Thread: How to empty a Binary Serach Tree???

If you're that worried about stack depth, you can treat the binary tree as a list that _may_ have other lists sprout off the side. Iterate through all the right nodes, and recurse for left nodes. I think this will reduce the stack depth.

>>I have one solution that deletes the root until the tree is empty
Eew, yucky! Why not just use an in-order traversal and instead of doing something fun with the node, delete it. :-)

Code:

void destroy(tree *t)
{
  if (t == 0)
  {
    return;
  }

  destroy(t->left);
  destroy(t->right);
  delete t;
}

>>but isn´t this also quite un-efficient if the tree contains MANY nodes (invokes many functions)???.
Not enough to worry about unless you've fallen into the worst case of ordered insertion where the tree depth is equal to the number of nodes. If this is even close to possible you need to use a balanced insertion algorithm to begin with. Otherwise, a recursive routine only has a depth equal to the height of the tree. Even for **HUGE** trees this won't be noticeable.

>>Is my "dislike" for recusion unjustyfied???
Not a bit :-) For the most part recursive functions are better implemented iteratively, but recursion does have it's place for some recursively defined data structures or algorithms. Most of the time a binary tree is made recursively because it's much simpler, more natural, and the efficiency hit isn't that bad. quicksort and mergesort are defined recursively and most easily written that way as well. If you need blazing speed and a small stack depth the you can write them iteratively, but if you've ever done that you'll find it's a lot of extra work and complexity for not a whole lot of performance improvement.

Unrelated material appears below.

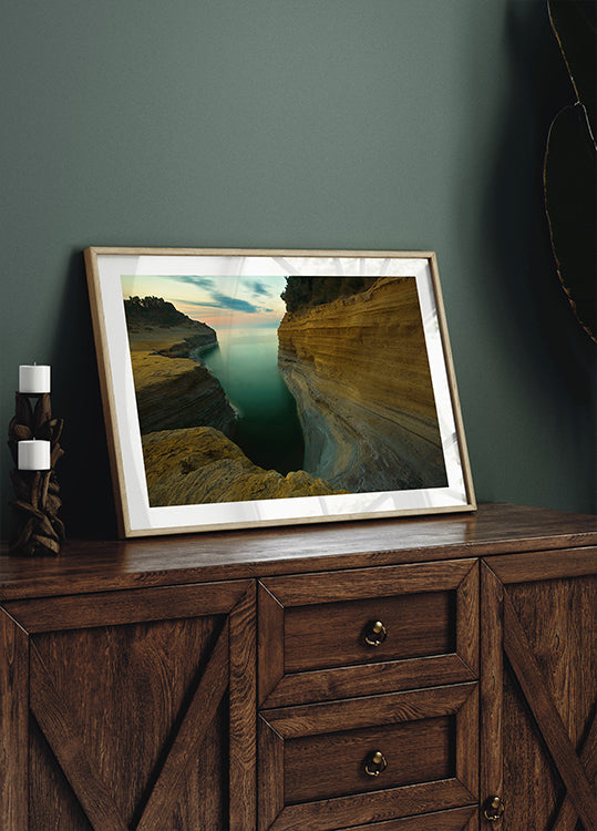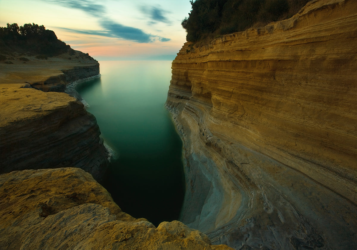 Rāms ilgās ekspozīcijas kadrs no ikoniskā Canal d'Amour Korfu, Grieķijā. Smaragda ūdeņus ierāmē dramatiskas smilšakmens klintis, radot noslēpumainu un romantisku atmosfēru. Šī piekrastes ainava atspoguļo Jonijas jūras dabas skaistumu, mūžīgo mieru un leģendāro šarmu.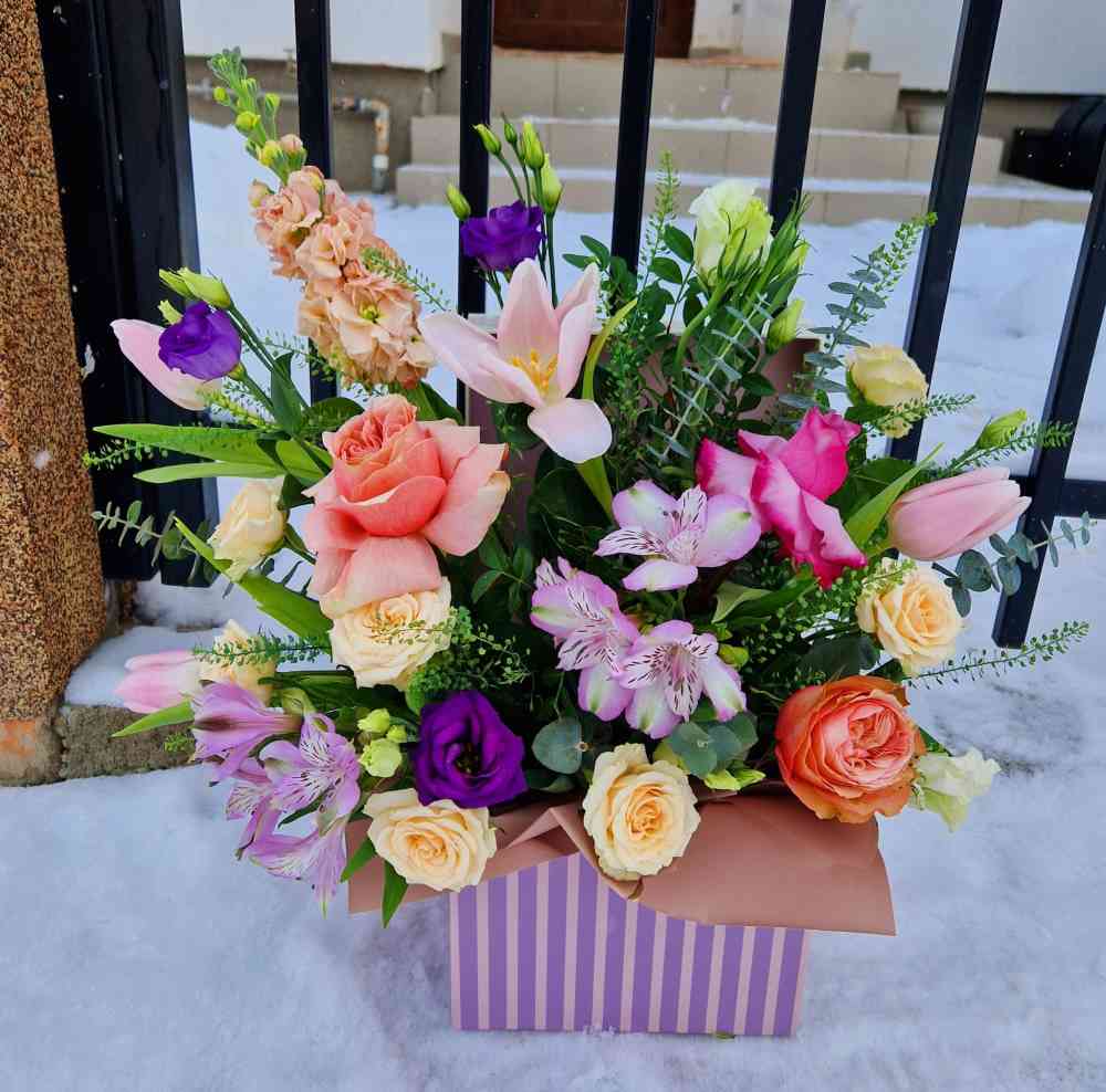 Acest aranjament floral elegant și rafinat este compus din trandafiri romantici, miniroze delicate, alstroemeri vibrante și eustoma subtile. Trandafirii adaugă o notă romantică și pasională, minirozele adaugă o notă de subtilitate și eleganță, alstroemeria adaugă o notă de culoare vibranta, în timp ce eustoma adaugă o notă delicată în culori pastelate. Aceste flori sunt aranjate cu grijă într-un buchet frumos, care va adăuga o notă de frumusețe și rafinament în orice încăpere. Acest aranjament floral este perfect pentru a decora o masă festivă, pentru a oferi un cadou special sau pentru a aduce un zâmbet pe fața cuiva drag.

Recursion should be the last choice except in a few well defined application areas where recursion has been proven to be a very small handicap in performance and a huge timesaver in creation and maintenance.

>>Need confirmation on this subject.
Consider a tree with height 4

Code:

           6
          / \
     4           9
   /   \       /   \
  2     5     7     10
 / \   / \   / \   / \
0   1                 11

The most recursive calls you'll make for a search/deletion is 4, including the first call. To begin an in-order search you start by going to a depth of 4, (6 4 2 0), then return to a stack depth of 3 and recurse to 4 again. The whole order is (6 4 2 0 2 1 2 4 5 4 6 9 7 9 10 11)